▶ Work required: Among the entries below, only the lines from the one with "Η συνέντευξη αφορά" through the one with "Nom du produit" are to be retyped, exactly and without pictures.

▶ Dataset extract:
---

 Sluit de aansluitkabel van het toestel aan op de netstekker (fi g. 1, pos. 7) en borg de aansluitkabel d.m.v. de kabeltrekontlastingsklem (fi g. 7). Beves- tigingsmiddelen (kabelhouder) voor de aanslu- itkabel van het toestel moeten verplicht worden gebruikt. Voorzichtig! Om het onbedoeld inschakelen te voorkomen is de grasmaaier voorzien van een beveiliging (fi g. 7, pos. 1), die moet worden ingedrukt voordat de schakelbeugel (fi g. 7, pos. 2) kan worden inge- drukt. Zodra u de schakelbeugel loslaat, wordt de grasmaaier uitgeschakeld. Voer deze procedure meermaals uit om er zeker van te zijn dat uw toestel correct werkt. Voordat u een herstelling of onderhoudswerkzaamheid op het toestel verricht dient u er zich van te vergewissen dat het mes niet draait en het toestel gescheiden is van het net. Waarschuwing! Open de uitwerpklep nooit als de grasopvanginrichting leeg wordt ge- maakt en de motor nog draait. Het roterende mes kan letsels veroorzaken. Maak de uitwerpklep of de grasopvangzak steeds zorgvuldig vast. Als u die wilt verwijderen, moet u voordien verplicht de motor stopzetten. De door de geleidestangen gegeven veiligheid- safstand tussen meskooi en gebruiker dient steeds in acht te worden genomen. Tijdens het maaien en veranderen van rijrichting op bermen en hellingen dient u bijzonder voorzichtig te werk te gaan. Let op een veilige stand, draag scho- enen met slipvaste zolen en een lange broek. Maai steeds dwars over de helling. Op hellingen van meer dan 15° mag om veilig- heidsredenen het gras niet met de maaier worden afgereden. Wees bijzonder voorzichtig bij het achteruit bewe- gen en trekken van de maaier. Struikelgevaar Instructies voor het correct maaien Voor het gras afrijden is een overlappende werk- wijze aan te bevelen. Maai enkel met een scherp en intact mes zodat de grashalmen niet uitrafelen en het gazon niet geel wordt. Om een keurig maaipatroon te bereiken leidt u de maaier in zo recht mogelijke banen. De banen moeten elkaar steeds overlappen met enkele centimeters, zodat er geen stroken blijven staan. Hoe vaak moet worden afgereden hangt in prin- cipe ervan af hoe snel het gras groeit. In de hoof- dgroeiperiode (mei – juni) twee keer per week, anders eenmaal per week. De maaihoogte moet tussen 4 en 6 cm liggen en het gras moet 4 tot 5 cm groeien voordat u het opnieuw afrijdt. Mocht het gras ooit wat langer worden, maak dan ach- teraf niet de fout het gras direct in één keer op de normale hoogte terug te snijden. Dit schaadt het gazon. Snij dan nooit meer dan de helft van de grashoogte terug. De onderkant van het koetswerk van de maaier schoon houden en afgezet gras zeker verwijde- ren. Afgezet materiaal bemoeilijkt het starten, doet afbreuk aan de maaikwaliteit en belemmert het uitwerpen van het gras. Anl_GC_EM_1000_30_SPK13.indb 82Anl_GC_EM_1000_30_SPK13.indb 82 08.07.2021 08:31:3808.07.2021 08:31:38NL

---

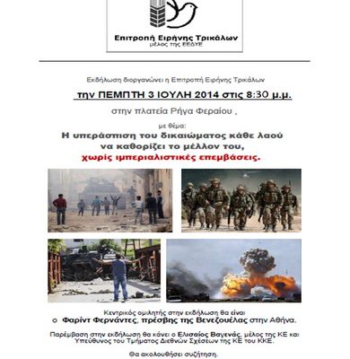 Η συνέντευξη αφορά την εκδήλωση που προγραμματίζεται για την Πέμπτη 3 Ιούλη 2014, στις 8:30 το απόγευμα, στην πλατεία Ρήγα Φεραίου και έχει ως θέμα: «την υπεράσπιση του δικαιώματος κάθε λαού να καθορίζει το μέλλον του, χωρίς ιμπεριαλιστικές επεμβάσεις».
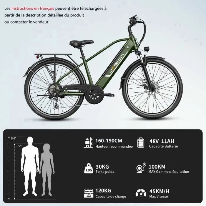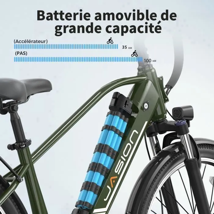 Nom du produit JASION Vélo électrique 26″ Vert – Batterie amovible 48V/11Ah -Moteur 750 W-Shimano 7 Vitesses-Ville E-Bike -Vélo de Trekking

---

▶ Answer for the task:
 Η συνέντευξη αφορά την εκδήλωση που προγραμματίζεται για την Πέμπτη 3 Ιούλη 2014, στις 8:30 το απόγευμα, στην πλατεία Ρήγα Φεραίου και έχει ως θέμα: «την υπεράσπιση του δικαιώματος κάθε λαού να καθορίζει το μέλλον του, χωρίς ιμπεριαλιστικές επεμβάσεις».
 Nom du produit JASION Vélo électrique 26″ Vert – Batterie amovible 48V/11Ah -Moteur 750 W-Shimano 7 Vitesses-Ville E-Bike -Vélo de Trekking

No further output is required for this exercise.